### [Provided data]
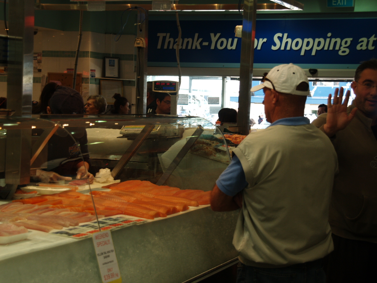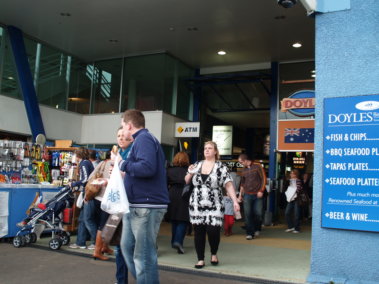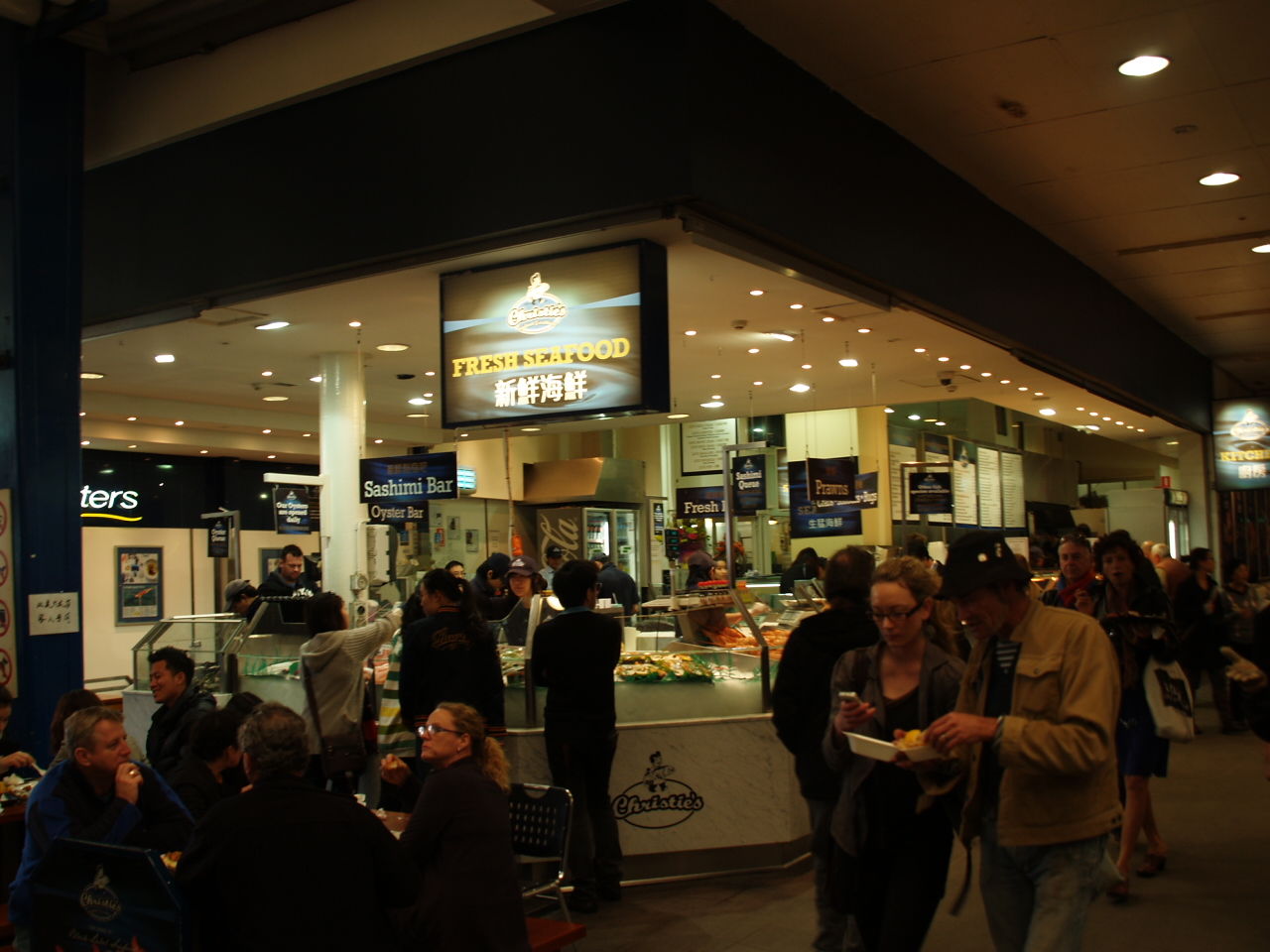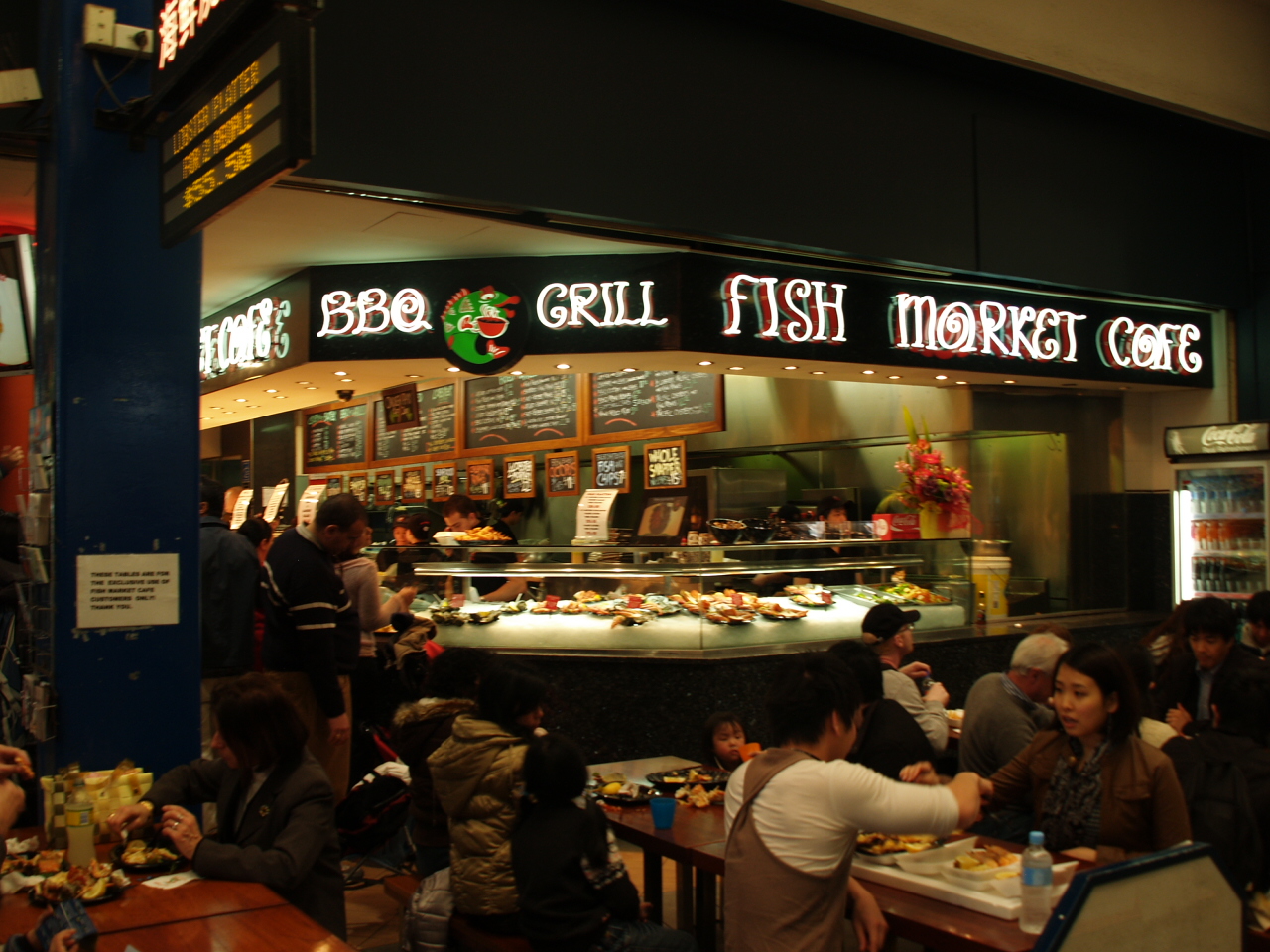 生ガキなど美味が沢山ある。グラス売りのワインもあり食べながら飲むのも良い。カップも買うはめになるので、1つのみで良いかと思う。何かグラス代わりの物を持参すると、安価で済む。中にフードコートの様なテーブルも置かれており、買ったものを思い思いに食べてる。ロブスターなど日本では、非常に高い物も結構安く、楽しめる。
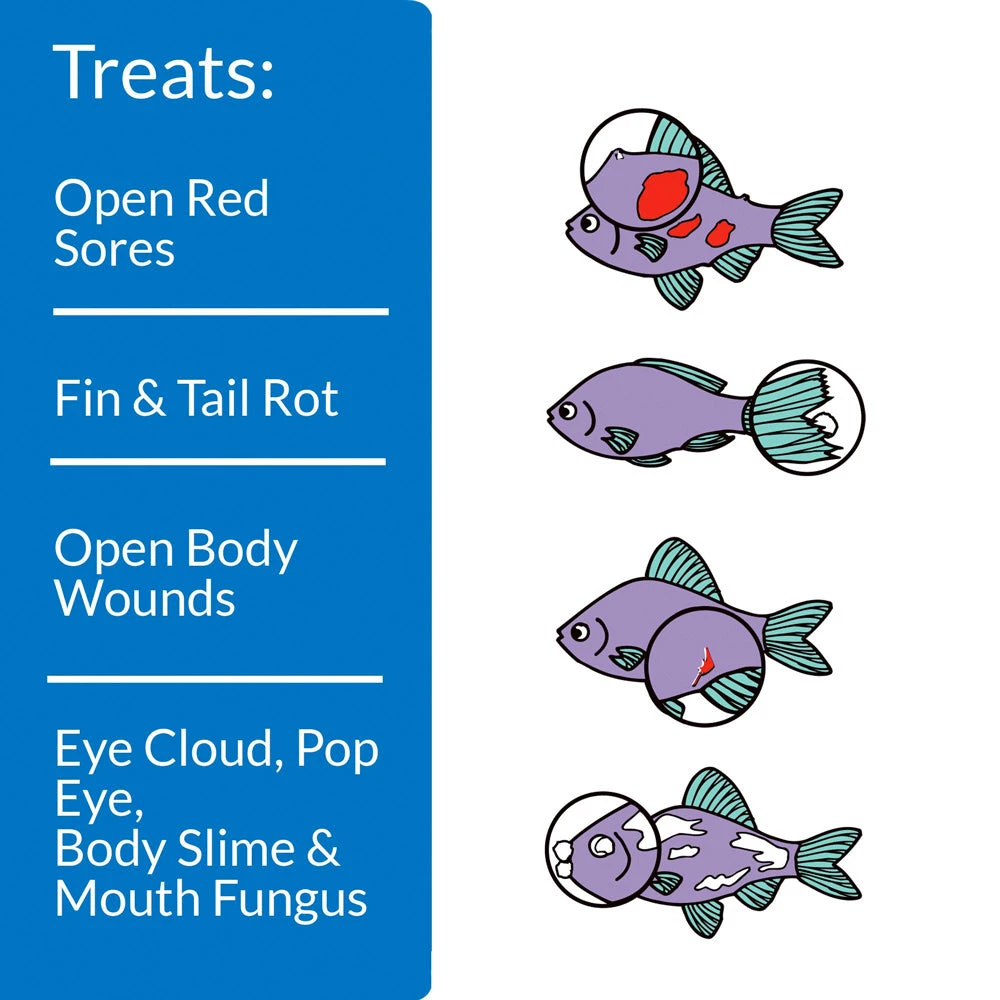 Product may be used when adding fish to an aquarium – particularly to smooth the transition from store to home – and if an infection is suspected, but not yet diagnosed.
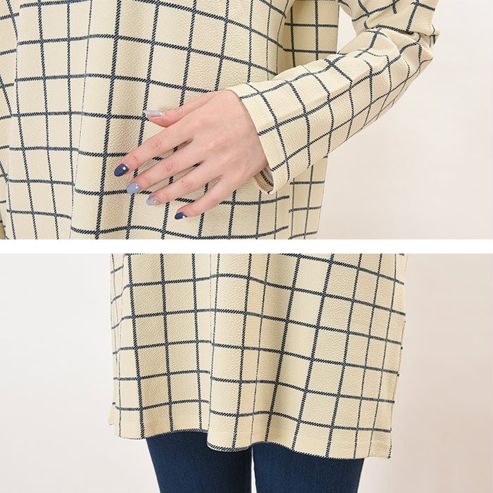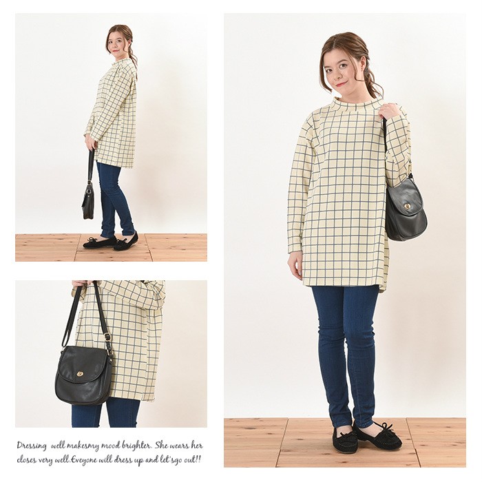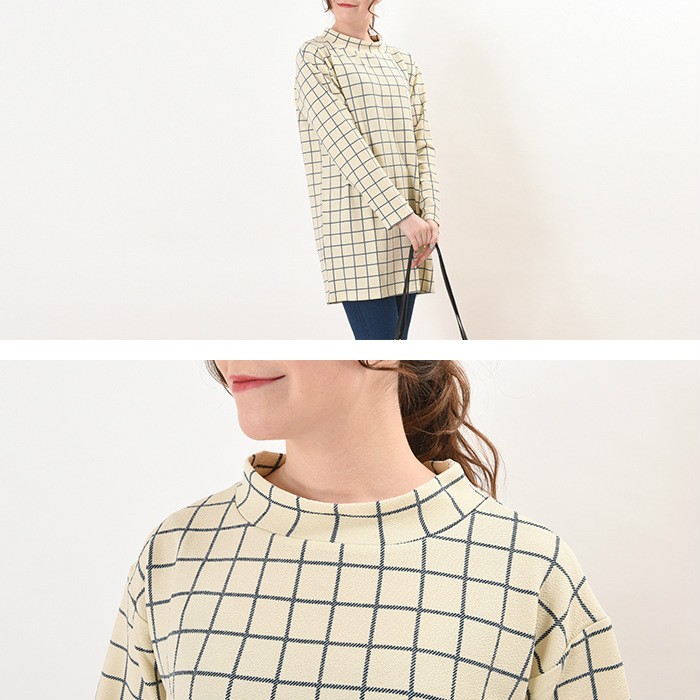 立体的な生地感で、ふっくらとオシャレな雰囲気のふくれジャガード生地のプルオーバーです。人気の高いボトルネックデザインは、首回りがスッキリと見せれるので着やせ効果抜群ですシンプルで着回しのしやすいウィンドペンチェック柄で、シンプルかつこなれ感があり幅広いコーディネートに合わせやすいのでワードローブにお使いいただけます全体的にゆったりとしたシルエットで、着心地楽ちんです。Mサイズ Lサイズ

### [Task to carry out]
I would like the lines from the one with "Product may be" through the last line of the data above retyped exactly, with pictures left out, please.

### [Output]
 Product may be used when adding fish to an aquarium – particularly to smooth the transition from store to home – and if an infection is suspected, but not yet diagnosed.
 立体的な生地感で、ふっくらとオシャレな雰囲気のふくれジャガード生地のプルオーバーです。人気の高いボトルネックデザインは、首回りがスッキリと見せれるので着やせ効果抜群ですシンプルで着回しのしやすいウィンドペンチェック柄で、シンプルかつこなれ感があり幅広いコーディネートに合わせやすいのでワードローブにお使いいただけます全体的にゆったりとしたシルエットで、着心地楽ちんです。Mサイズ Lサイズ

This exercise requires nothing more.